Exercise brief
Copy each line from the records below in which the word "ideal" is found.

Dataset entries
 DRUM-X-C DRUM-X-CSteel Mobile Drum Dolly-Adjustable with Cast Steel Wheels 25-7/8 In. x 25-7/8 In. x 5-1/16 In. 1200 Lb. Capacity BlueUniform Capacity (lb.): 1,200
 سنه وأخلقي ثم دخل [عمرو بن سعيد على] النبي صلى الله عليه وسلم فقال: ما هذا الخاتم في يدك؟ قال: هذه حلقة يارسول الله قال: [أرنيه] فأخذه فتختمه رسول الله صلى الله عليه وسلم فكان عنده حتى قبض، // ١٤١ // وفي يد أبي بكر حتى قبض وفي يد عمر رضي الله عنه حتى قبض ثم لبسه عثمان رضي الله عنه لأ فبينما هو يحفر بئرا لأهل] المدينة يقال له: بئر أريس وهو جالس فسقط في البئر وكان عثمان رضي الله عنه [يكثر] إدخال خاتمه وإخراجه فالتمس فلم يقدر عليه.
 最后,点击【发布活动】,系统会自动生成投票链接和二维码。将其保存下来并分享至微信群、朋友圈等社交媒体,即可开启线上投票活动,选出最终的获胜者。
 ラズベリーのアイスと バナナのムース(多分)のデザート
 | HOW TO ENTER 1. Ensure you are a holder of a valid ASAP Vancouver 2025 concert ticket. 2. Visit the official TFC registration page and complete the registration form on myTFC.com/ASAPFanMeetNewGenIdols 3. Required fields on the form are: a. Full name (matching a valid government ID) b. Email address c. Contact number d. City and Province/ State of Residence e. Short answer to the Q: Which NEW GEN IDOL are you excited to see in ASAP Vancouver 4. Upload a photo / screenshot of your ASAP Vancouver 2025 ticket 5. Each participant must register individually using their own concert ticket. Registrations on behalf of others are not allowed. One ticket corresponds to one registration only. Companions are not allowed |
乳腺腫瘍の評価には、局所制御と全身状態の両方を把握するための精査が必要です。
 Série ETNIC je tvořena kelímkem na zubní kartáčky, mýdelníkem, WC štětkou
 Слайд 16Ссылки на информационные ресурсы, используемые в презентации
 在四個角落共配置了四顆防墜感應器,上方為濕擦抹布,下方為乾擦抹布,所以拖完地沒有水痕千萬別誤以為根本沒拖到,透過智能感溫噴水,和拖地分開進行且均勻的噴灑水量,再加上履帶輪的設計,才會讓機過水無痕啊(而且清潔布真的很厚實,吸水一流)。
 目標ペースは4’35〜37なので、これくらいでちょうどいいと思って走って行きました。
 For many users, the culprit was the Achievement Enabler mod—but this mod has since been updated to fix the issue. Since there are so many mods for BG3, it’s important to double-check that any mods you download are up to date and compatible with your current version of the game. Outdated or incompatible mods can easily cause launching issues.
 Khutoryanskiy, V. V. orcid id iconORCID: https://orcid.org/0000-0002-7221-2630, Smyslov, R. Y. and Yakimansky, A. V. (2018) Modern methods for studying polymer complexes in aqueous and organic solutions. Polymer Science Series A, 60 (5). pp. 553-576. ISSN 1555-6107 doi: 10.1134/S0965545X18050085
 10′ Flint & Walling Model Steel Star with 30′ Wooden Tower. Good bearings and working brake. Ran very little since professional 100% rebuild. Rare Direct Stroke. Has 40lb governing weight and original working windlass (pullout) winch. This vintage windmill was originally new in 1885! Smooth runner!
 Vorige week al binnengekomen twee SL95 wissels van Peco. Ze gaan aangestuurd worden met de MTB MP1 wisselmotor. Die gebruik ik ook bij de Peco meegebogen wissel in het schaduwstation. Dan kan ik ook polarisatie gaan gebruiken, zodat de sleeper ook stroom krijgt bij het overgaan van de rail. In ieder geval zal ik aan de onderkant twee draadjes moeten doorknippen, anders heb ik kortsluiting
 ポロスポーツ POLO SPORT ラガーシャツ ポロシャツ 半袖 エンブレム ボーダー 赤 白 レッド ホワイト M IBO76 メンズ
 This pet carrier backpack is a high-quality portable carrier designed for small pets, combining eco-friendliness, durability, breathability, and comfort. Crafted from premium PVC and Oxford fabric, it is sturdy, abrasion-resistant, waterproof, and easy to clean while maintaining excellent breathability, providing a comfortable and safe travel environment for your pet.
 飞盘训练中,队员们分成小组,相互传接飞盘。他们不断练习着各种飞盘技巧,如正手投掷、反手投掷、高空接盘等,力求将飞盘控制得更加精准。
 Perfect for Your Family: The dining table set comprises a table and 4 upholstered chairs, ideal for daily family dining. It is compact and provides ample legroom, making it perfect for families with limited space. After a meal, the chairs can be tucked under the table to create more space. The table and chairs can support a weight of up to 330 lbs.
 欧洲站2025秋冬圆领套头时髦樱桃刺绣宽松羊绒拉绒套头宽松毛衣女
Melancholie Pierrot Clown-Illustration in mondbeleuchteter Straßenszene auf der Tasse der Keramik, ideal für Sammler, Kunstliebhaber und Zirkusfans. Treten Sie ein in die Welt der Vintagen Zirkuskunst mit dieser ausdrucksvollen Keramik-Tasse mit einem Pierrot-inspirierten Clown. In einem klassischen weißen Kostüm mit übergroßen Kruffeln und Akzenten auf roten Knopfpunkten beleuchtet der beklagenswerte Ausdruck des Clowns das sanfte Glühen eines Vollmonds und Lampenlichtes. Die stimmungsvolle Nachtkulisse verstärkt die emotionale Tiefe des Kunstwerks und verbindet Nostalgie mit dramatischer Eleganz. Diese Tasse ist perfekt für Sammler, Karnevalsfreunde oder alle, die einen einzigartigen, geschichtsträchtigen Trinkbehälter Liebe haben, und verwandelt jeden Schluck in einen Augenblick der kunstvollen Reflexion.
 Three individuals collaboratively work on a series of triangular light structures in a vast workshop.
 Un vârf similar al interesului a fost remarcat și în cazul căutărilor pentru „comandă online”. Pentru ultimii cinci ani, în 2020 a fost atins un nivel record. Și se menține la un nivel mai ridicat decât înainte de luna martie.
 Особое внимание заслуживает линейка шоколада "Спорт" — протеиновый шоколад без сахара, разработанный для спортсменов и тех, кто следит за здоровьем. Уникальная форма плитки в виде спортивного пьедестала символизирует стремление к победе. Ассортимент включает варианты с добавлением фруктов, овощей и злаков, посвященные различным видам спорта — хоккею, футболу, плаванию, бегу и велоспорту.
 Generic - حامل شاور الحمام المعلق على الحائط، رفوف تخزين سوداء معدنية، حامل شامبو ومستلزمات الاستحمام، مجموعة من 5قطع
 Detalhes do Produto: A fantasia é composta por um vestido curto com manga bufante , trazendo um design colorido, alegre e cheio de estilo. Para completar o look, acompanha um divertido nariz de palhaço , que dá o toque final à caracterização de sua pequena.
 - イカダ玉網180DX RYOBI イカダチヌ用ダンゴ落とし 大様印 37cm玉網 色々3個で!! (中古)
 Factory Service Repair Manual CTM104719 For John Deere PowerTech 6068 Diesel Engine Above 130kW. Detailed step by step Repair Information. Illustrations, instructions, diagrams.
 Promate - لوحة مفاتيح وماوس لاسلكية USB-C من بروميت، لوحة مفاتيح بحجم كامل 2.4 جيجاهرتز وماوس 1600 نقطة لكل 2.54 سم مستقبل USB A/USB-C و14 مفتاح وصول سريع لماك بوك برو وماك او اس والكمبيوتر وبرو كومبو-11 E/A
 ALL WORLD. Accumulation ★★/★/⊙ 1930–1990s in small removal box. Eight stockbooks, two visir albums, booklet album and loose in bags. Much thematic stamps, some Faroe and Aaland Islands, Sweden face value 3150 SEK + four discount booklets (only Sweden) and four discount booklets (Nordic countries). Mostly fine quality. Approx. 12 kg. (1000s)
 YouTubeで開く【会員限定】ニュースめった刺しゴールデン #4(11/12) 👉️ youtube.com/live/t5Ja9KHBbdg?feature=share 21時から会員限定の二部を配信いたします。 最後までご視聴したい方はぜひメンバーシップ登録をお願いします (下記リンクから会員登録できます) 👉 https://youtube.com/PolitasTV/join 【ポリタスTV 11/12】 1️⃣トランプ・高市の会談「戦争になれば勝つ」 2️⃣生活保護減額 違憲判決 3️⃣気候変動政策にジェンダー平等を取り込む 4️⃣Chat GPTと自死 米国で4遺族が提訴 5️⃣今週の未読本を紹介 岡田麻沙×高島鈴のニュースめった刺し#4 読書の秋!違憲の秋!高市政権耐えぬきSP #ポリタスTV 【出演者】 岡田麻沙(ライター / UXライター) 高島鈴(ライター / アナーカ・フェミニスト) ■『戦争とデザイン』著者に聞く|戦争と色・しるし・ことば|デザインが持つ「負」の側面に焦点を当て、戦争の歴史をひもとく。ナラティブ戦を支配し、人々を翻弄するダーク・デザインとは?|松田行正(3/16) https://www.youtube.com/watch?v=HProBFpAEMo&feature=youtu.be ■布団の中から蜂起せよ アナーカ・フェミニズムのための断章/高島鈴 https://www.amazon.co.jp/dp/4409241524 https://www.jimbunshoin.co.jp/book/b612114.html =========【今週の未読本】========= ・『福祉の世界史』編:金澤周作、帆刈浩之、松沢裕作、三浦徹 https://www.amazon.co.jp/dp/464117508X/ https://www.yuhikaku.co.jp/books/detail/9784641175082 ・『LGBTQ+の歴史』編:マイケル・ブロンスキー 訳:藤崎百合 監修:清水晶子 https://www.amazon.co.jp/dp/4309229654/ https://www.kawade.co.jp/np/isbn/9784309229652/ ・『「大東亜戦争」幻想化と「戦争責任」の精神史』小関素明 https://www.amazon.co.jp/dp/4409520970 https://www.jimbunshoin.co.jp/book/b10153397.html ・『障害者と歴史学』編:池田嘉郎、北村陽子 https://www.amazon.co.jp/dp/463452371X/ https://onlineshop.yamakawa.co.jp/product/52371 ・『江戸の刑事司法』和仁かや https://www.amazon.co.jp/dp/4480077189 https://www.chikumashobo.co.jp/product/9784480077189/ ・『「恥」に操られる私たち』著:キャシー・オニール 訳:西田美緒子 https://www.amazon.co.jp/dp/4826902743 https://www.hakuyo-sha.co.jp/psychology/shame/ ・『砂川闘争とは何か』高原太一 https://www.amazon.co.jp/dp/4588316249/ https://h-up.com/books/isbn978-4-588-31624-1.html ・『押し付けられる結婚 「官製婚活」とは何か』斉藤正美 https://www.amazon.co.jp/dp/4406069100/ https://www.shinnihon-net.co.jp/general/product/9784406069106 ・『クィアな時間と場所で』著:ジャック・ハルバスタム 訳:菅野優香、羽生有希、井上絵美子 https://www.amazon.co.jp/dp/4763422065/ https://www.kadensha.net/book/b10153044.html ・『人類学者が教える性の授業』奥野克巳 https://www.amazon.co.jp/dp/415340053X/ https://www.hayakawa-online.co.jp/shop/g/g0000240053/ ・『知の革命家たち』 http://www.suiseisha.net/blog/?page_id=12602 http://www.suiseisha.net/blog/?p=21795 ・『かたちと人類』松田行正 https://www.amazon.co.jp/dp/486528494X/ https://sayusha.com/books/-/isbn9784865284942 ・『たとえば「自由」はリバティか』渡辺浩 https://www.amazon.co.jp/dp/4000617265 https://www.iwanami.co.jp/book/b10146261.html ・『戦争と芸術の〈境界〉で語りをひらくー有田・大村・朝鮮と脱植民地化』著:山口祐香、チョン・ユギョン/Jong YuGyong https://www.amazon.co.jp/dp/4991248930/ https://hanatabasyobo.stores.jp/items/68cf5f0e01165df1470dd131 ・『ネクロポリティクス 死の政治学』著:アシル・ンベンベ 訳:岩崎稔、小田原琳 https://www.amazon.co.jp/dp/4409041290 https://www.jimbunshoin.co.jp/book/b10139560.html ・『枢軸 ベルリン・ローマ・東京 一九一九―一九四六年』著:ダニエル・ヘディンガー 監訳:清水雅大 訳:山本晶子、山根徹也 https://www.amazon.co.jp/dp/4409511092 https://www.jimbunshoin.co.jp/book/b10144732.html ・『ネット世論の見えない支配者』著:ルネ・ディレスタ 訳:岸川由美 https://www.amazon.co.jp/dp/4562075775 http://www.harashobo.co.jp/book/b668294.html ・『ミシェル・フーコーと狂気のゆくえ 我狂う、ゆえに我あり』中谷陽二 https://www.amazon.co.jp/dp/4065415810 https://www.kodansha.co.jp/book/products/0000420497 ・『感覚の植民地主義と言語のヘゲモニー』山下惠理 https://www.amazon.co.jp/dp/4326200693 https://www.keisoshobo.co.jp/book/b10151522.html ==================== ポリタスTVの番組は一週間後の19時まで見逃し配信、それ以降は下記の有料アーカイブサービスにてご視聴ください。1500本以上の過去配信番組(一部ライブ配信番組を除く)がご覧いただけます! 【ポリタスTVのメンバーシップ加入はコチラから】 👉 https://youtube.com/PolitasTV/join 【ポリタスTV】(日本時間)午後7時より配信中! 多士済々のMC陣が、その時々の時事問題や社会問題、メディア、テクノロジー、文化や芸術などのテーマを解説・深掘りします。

Result of this exercise
 Perfect for Your Family: The dining table set comprises a table and 4 upholstered chairs, ideal for daily family dining. It is compact and provides ample legroom, making it perfect for families with limited space. After a meal, the chairs can be tucked under the table to create more space. The table and chairs can support a weight of up to 330 lbs.
Melancholie Pierrot Clown-Illustration in mondbeleuchteter Straßenszene auf der Tasse der Keramik, ideal für Sammler, Kunstliebhaber und Zirkusfans. Treten Sie ein in die Welt der Vintagen Zirkuskunst mit dieser ausdrucksvollen Keramik-Tasse mit einem Pierrot-inspirierten Clown. In einem klassischen weißen Kostüm mit übergroßen Kruffeln und Akzenten auf roten Knopfpunkten beleuchtet der beklagenswerte Ausdruck des Clowns das sanfte Glühen eines Vollmonds und Lampenlichtes. Die stimmungsvolle Nachtkulisse verstärkt die emotionale Tiefe des Kunstwerks und verbindet Nostalgie mit dramatischer Eleganz. Diese Tasse ist perfekt für Sammler, Karnevalsfreunde oder alle, die einen einzigartigen, geschichtsträchtigen Trinkbehälter Liebe haben, und verwandelt jeden Schluck in einen Augenblick der kunstvollen Reflexion.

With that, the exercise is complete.